Segment Open

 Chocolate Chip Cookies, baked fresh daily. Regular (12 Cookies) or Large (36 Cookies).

Segment Closed
Segment Open

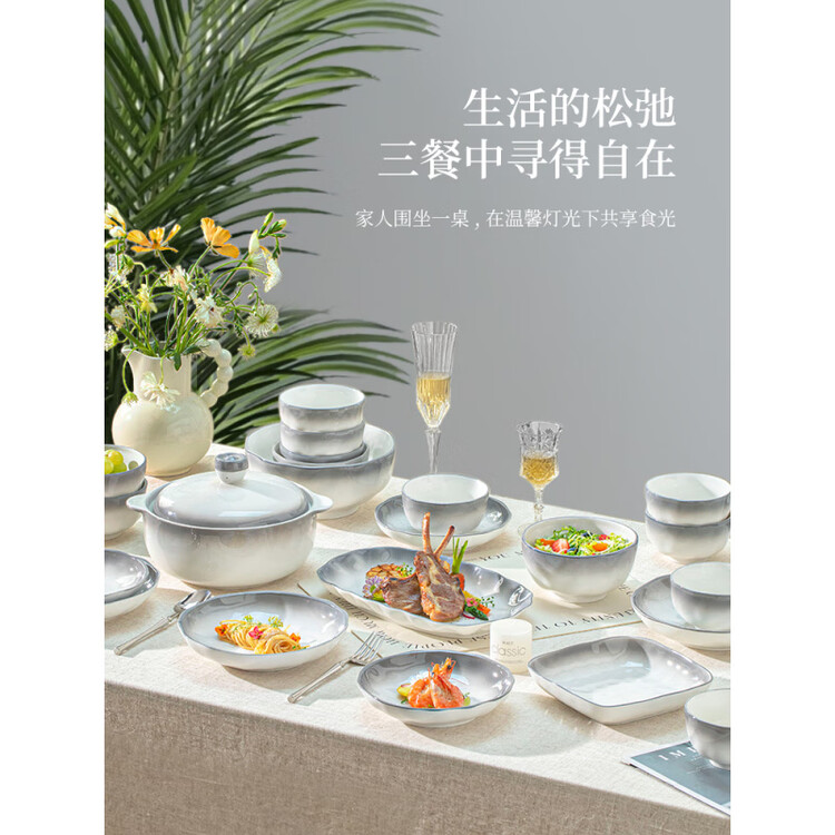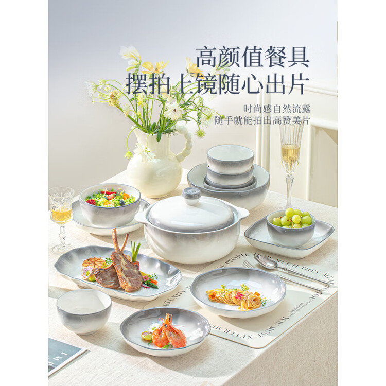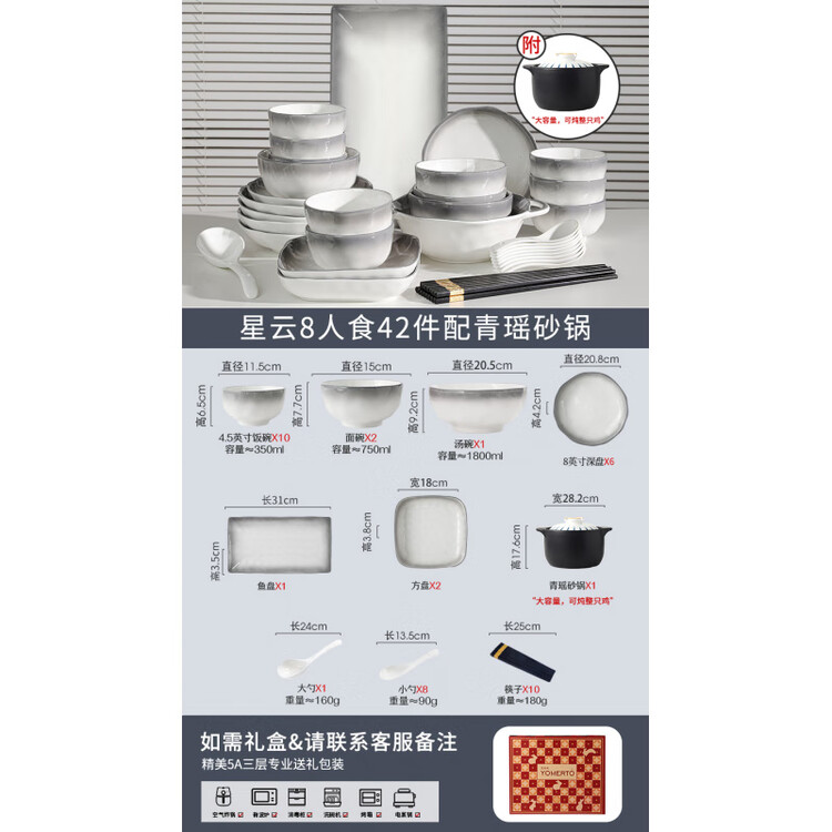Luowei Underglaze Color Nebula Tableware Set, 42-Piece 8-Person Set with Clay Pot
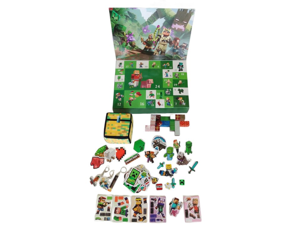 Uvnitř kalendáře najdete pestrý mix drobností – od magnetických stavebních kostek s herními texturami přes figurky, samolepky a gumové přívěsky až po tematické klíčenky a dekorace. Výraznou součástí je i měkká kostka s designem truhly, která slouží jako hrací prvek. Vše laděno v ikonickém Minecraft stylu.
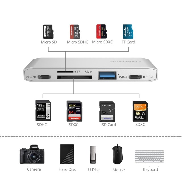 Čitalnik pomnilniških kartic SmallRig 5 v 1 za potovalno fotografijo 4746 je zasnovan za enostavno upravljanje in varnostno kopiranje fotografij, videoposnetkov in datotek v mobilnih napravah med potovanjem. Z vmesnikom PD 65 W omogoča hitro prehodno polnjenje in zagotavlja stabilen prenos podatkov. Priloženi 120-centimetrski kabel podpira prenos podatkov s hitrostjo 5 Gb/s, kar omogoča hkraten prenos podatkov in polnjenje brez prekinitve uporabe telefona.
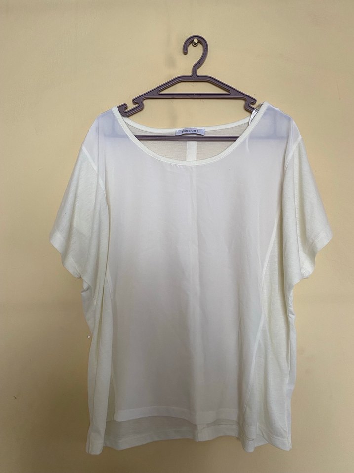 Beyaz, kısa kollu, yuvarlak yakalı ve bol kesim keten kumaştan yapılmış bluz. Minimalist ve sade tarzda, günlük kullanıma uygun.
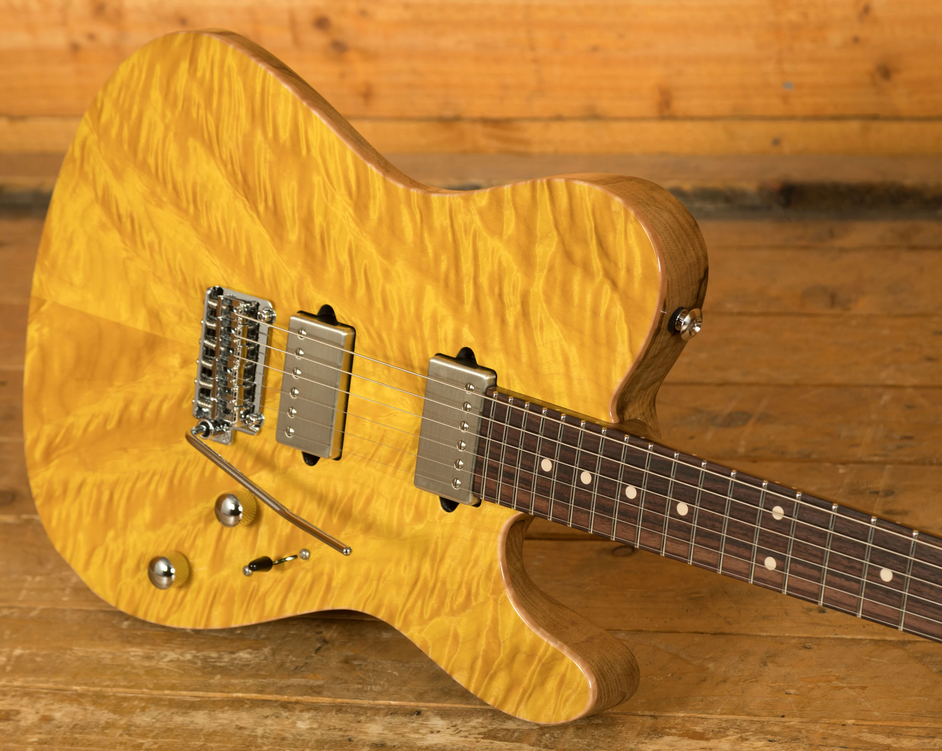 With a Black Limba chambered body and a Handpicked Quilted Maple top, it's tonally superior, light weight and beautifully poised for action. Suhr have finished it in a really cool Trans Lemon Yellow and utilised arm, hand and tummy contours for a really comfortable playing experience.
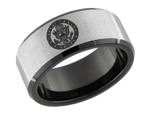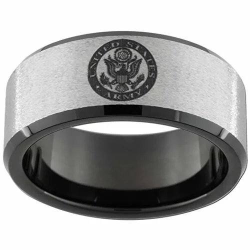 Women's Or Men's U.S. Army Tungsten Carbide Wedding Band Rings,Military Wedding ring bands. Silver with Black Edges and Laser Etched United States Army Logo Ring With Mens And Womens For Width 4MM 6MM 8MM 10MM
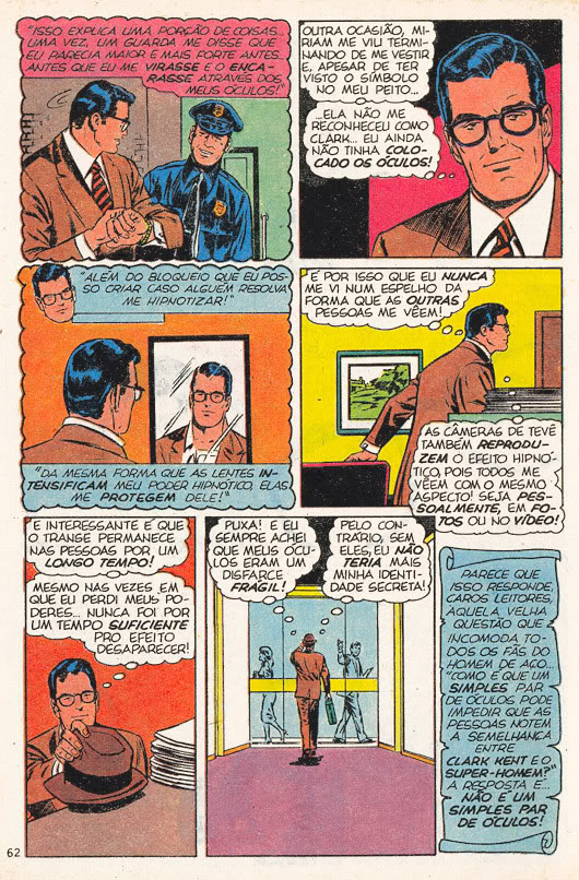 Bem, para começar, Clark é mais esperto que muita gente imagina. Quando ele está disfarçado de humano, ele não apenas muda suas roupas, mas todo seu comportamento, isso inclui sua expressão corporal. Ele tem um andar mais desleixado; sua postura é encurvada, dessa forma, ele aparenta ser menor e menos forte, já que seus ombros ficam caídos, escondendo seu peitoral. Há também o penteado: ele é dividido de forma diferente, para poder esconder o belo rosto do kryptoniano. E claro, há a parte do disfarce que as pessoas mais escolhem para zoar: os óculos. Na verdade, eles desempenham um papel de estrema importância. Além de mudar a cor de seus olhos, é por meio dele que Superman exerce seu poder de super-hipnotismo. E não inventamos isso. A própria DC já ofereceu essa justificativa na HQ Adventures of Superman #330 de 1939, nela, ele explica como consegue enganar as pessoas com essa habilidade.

Segment Closed

#### Required action:
In the listing above, find the line with "Uvnitř kalendáře najdete" and the line with "With a Black". Copy exactly those lines and all between them, minus the images.

#### Solution for this exercise:
 Uvnitř kalendáře najdete pestrý mix drobností – od magnetických stavebních kostek s herními texturami přes figurky, samolepky a gumové přívěsky až po tematické klíčenky a dekorace. Výraznou součástí je i měkká kostka s designem truhly, která slouží jako hrací prvek. Vše laděno v ikonickém Minecraft stylu.
 Čitalnik pomnilniških kartic SmallRig 5 v 1 za potovalno fotografijo 4746 je zasnovan za enostavno upravljanje in varnostno kopiranje fotografij, videoposnetkov in datotek v mobilnih napravah med potovanjem. Z vmesnikom PD 65 W omogoča hitro prehodno polnjenje in zagotavlja stabilen prenos podatkov. Priloženi 120-centimetrski kabel podpira prenos podatkov s hitrostjo 5 Gb/s, kar omogoča hkraten prenos podatkov in polnjenje brez prekinitve uporabe telefona.
 Beyaz, kısa kollu, yuvarlak yakalı ve bol kesim keten kumaştan yapılmış bluz. Minimalist ve sade tarzda, günlük kullanıma uygun.
 With a Black Limba chambered body and a Handpicked Quilted Maple top, it's tonally superior, light weight and beautifully poised for action. Suhr have finished it in a really cool Trans Lemon Yellow and utilised arm, hand and tummy contours for a really comfortable playing experience.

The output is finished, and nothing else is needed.